April 10th 2011, 09:51 AM
Plato

Quote:

Originally Posted by ragnar

Wouldn't this count the hand (2H)(2D)(3H)(3D)(4H) as distinct from (4H)(2H)(2D)(3H)(3D)?

Absolutely not.
Order is not considered at all.
April 10th 2011, 10:13 AM
ragnar

But my question is more like why that's the case. It seems like it should. If I were finding the number of ways of arranging 5 people in three seats, I'd just multiply the possibilities for the first seat (5) by the possibilities for the second (4) by the possibilities for the third (3). If I want to disregard order I need to also divide by the factorial of the number of seats.

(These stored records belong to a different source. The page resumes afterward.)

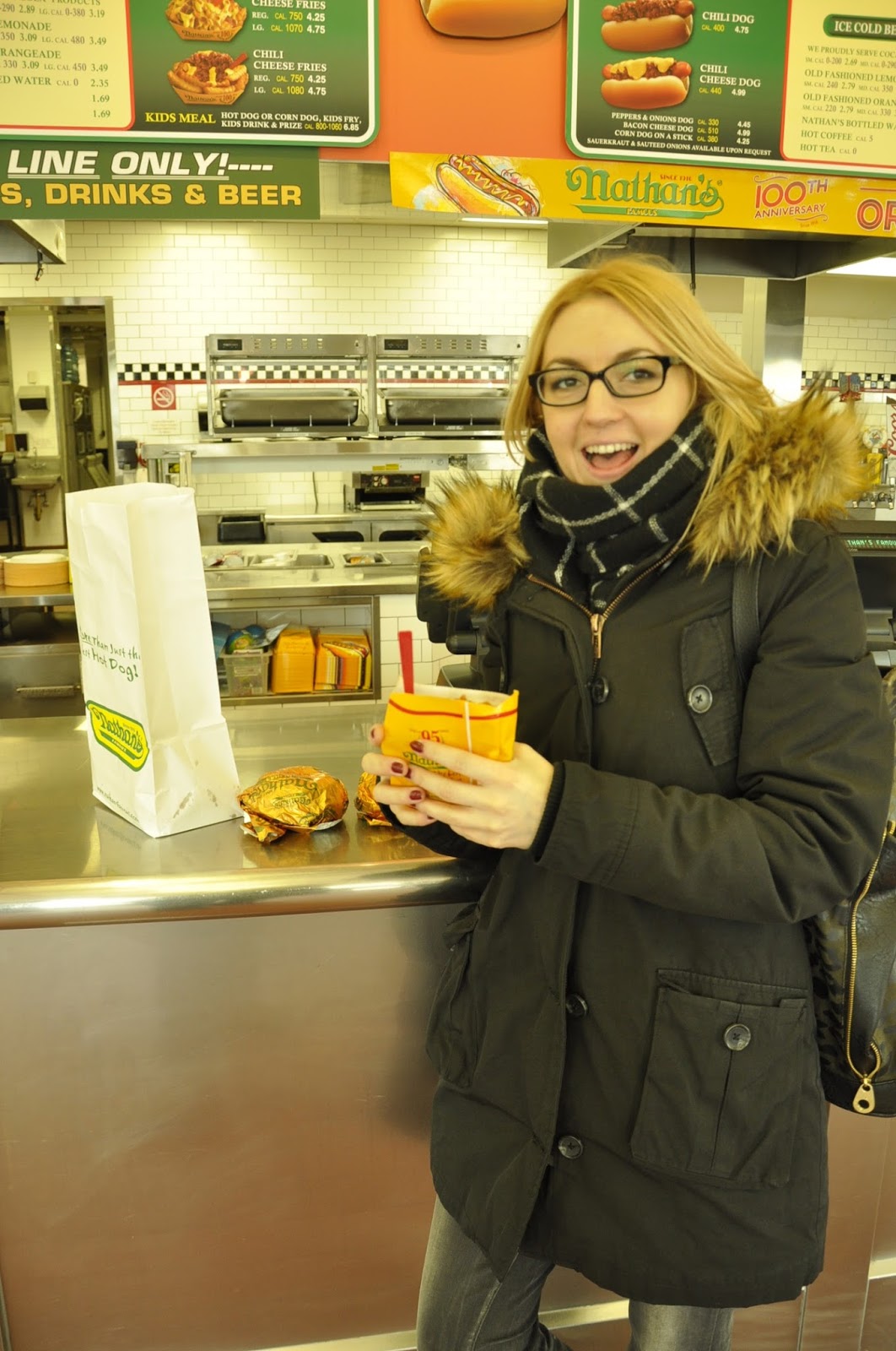 Ze stacji metra do plaży jest niedaleko, plaża szeroka, deptak szeroki, wszystko takie amerykańsko szerokie. Gdyby nie było tak zimno, warto zrobić spacer z Brighton Beach do Coney Island. Tam jednak podjechałyśmy 2 przystanki metrem. Pewnie każdy kojarzy wesołe miasteczko i molo. Zanim jednak poszłyśmy nacieszyć oczy bezkresem, postanowiłyśmy dać kolejną szansę kuchni amerykańskiej. Okazja nadarzyła się przednia, ponieważ przed nami wyrósł lokal Nathan's Famous Hot Dog & Restaurant, którego punkty już nam wpadły w oko na Manhattanie. "Restauracja" obchodzi w tym roku swoje stulecie i wił sie tam dziki tłum, więc chyba warto pokosztować lokalnej tradycji. Nie warto. Ale o tym wtedy jeszcze nie wiedziałyśmy. Każda z nas zamówiła po zestawie (1880 kcal!!!!). Zjadłyśmy. Gumowe frytki i mdłego hambuksa. Never ever.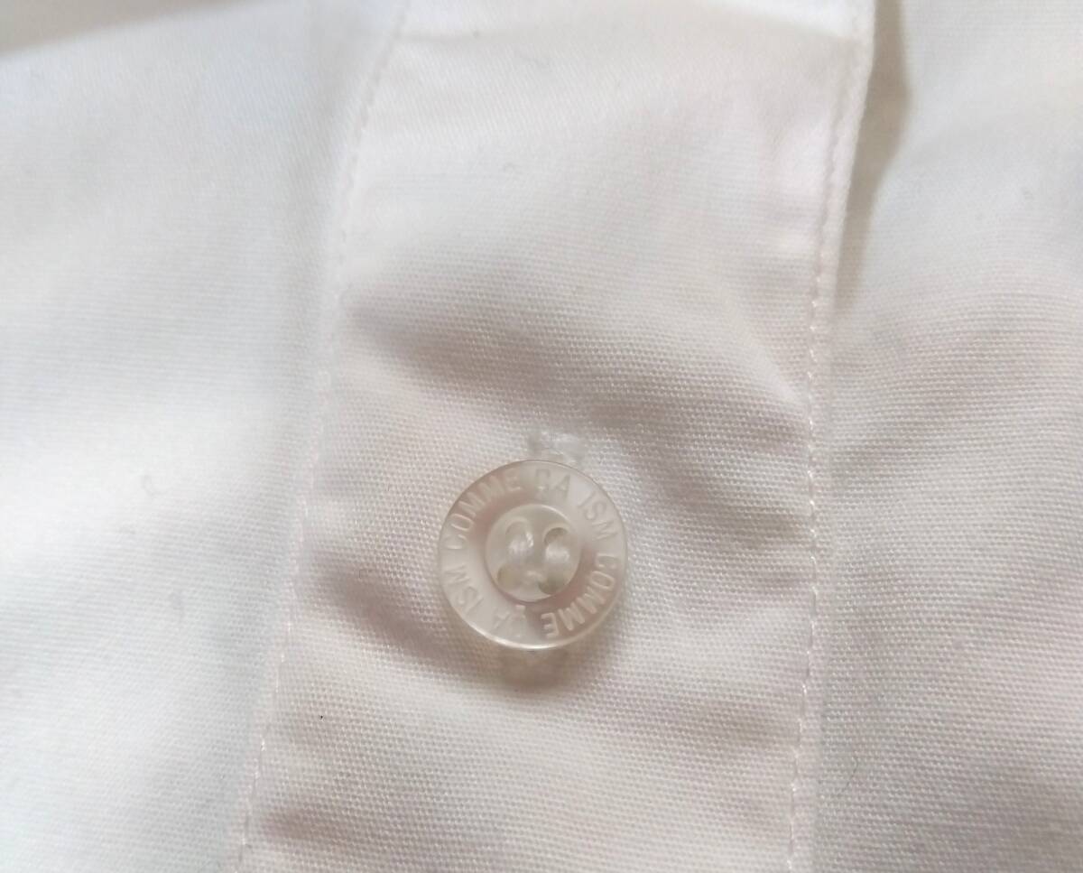 ・色 白。ボタン1つ1つにロゴ文字刻印。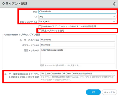 8.1.5.3. Network > GlobalProtect>ポータル> GP-portal>認証> 追加(既存の設定を変更したい場合は追加済みのクライアント認証設定をクリック)¶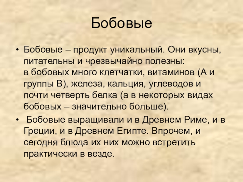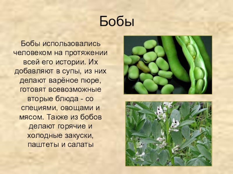 Бобы использовались человеком на протяжении всей его истории. Их добавляют в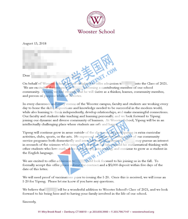 恭喜C同学补录伍斯特学院 Wooster School,祝留美网同学前程似锦,学业有成!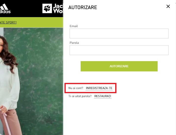 Pentru a plasa prima dvs. comandă pe site-ul SPORT SPIRIT, trebuie să vă înregistrați mai întâi pe pagina principală.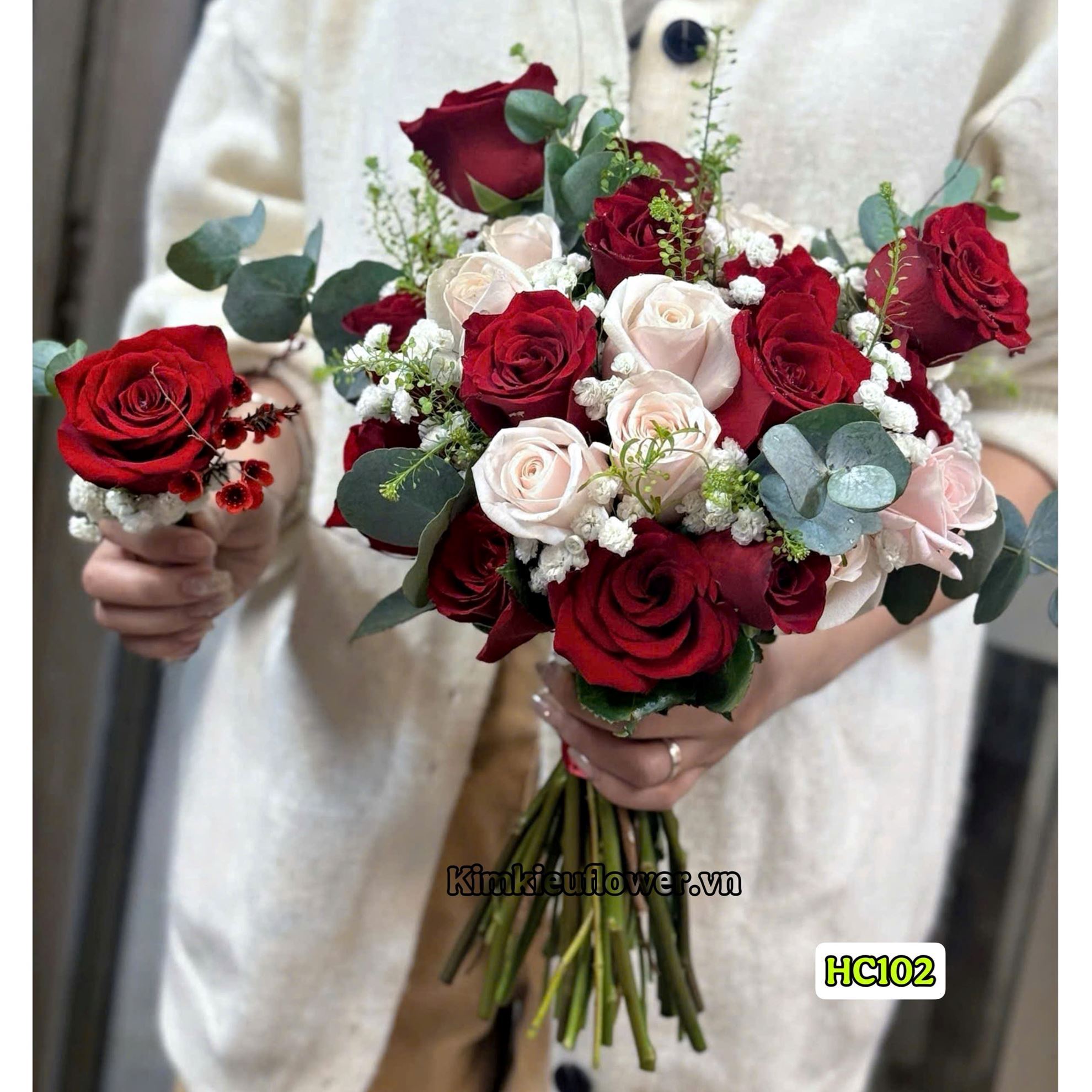 Mẫu HC102 gồm các loại hoa: + Hoa hồng đỏ eku + Hoa hồng kem + và các lá phụ khác - Liên hệ KIM KIỀU FLOWER để tư vấn thiết kế mẫu hoa theo yêu cầu bạn nhé!

So I'm trying to understand why this case is different. Here we just multiplied the number of ways of choosing two pair by the number of ways of choosing the remaining card. It would seem to me that this is like the first case, and to disregard order we would need to divide by something.

Is that not true of this case because we basically count only the hands where the onesie card comes last, and equate such hands with all other orderings of the same cards--whereas in the case of people in seats, we cannot distinguish one seat from another in the way that we distinguish the onsie from the two pairs? Something like that?
April 10th 2011, 10:47 AM
Plato

Quote:

Originally Posted by ragnar

But my question is more like why that's the case. It seems like it should. If I were finding the number of ways of arranging 5 people in three seats, I'd just multiply the possibilities for the first seat (5) by the possibilities for the second (4) by the possibilities for the third (3). If I want to disregard order I need to also divide by the factorial of the number of seats.

Arrangements are order driven.

Selections are content driven. Order makes no difference.
Think about a team of six children. It makes a different who is on the team(content). It makes no difference the order in which they are picked. Just who is selected.